What is required — Please return only the lines from the one showing "PAYROLL SPECIALIST /" to the end of the entries, keeping both ends and dropping every picture.

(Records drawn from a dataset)
--- START ---
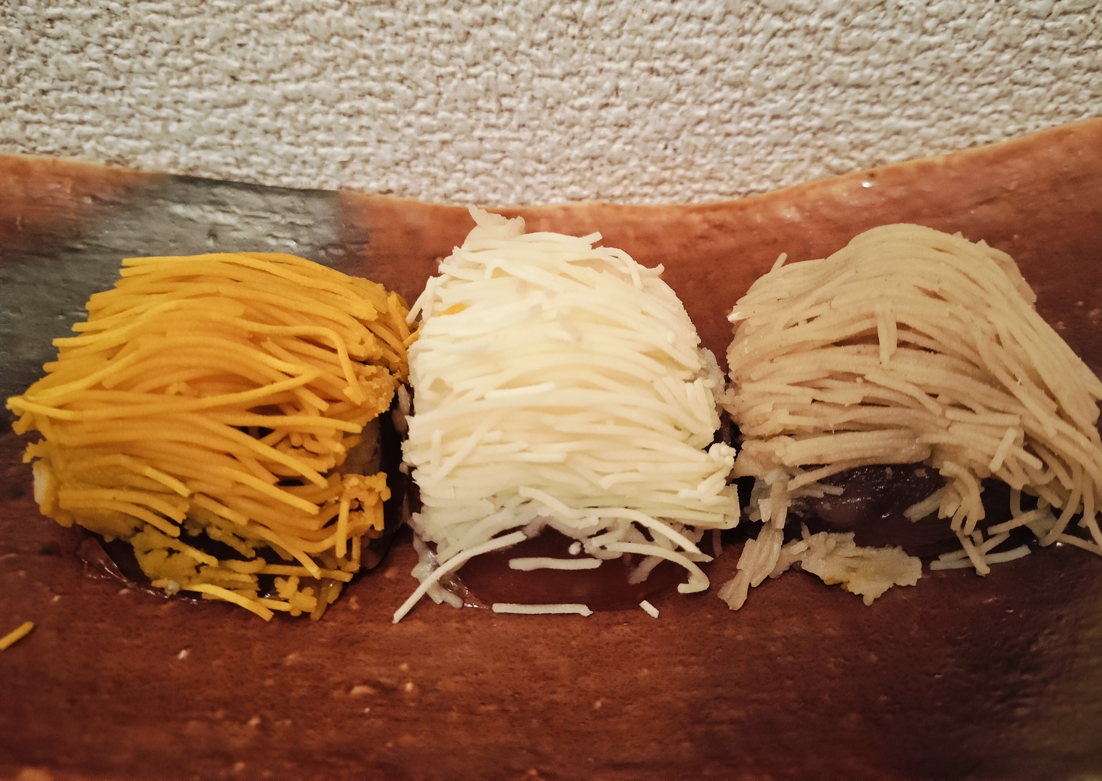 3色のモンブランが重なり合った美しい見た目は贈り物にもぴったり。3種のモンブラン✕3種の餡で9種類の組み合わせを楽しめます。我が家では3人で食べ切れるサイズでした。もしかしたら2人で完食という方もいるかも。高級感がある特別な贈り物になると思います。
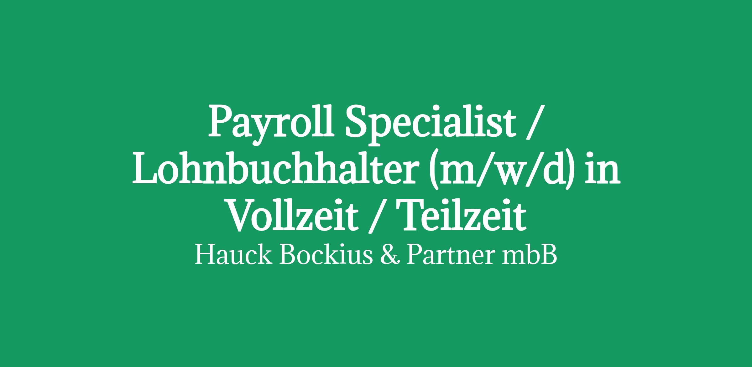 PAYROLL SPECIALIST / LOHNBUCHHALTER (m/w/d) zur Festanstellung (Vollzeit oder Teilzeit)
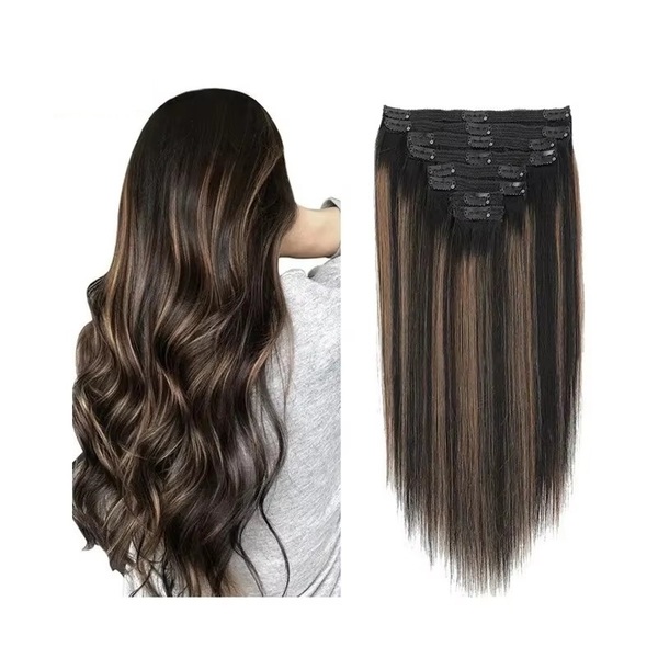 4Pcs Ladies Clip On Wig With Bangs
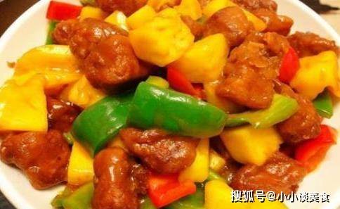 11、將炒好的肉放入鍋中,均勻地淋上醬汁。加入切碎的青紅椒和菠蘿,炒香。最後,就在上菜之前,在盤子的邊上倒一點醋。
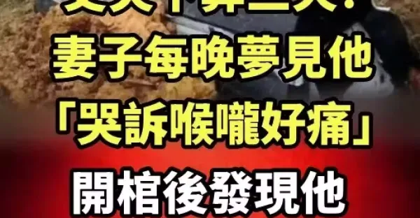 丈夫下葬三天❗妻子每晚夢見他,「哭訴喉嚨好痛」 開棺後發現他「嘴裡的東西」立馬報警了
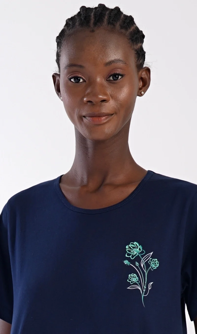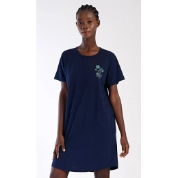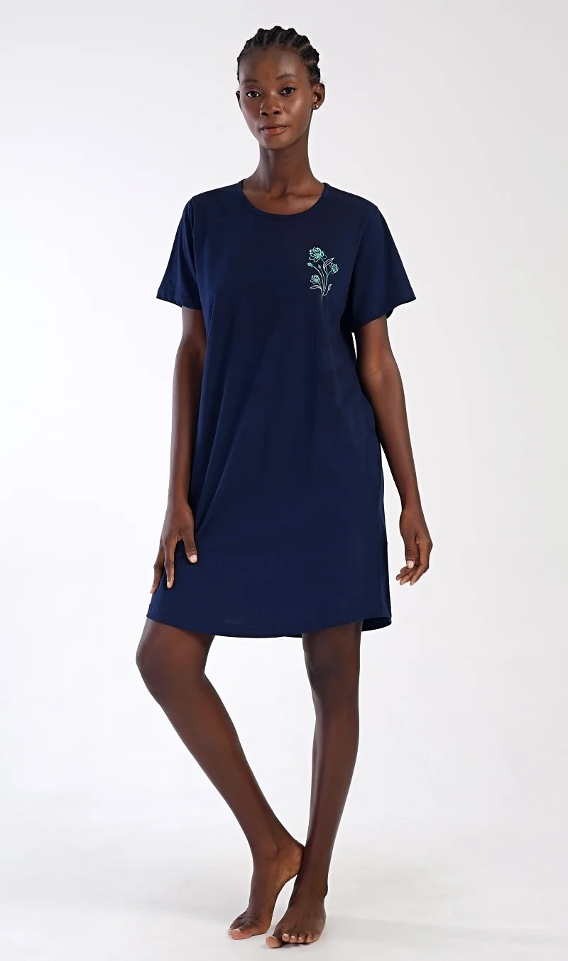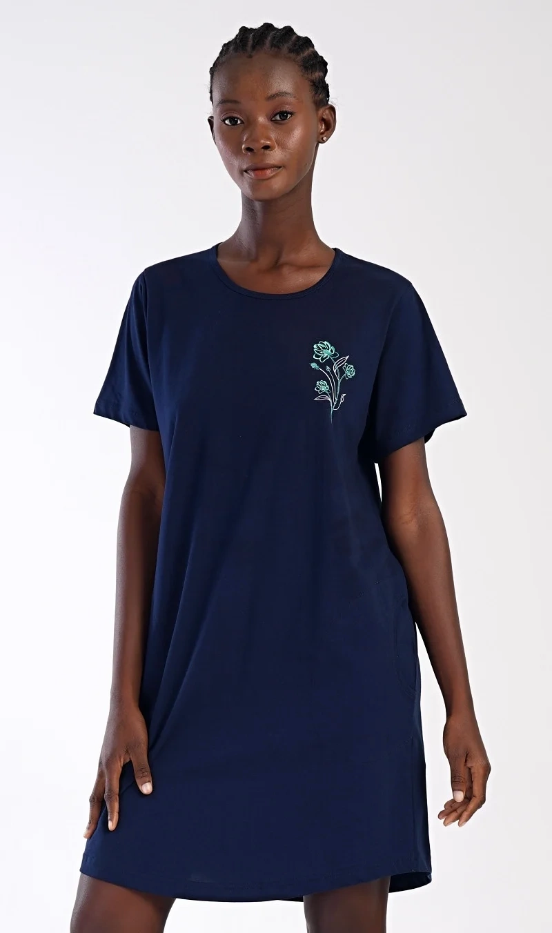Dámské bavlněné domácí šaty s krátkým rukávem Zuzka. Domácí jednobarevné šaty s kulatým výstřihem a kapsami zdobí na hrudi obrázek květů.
--- END ---
Output below —
 PAYROLL SPECIALIST / LOHNBUCHHALTER (m/w/d) zur Festanstellung (Vollzeit oder Teilzeit)
 4Pcs Ladies Clip On Wig With Bangs
 11、將炒好的肉放入鍋中,均勻地淋上醬汁。加入切碎的青紅椒和菠蘿,炒香。最後,就在上菜之前,在盤子的邊上倒一點醋。
 丈夫下葬三天❗妻子每晚夢見他,「哭訴喉嚨好痛」 開棺後發現他「嘴裡的東西」立馬報警了
Dámské bavlněné domácí šaty s krátkým rukávem Zuzka. Domácí jednobarevné šaty s kulatým výstřihem a kapsami zdobí na hrudi obrázek květů.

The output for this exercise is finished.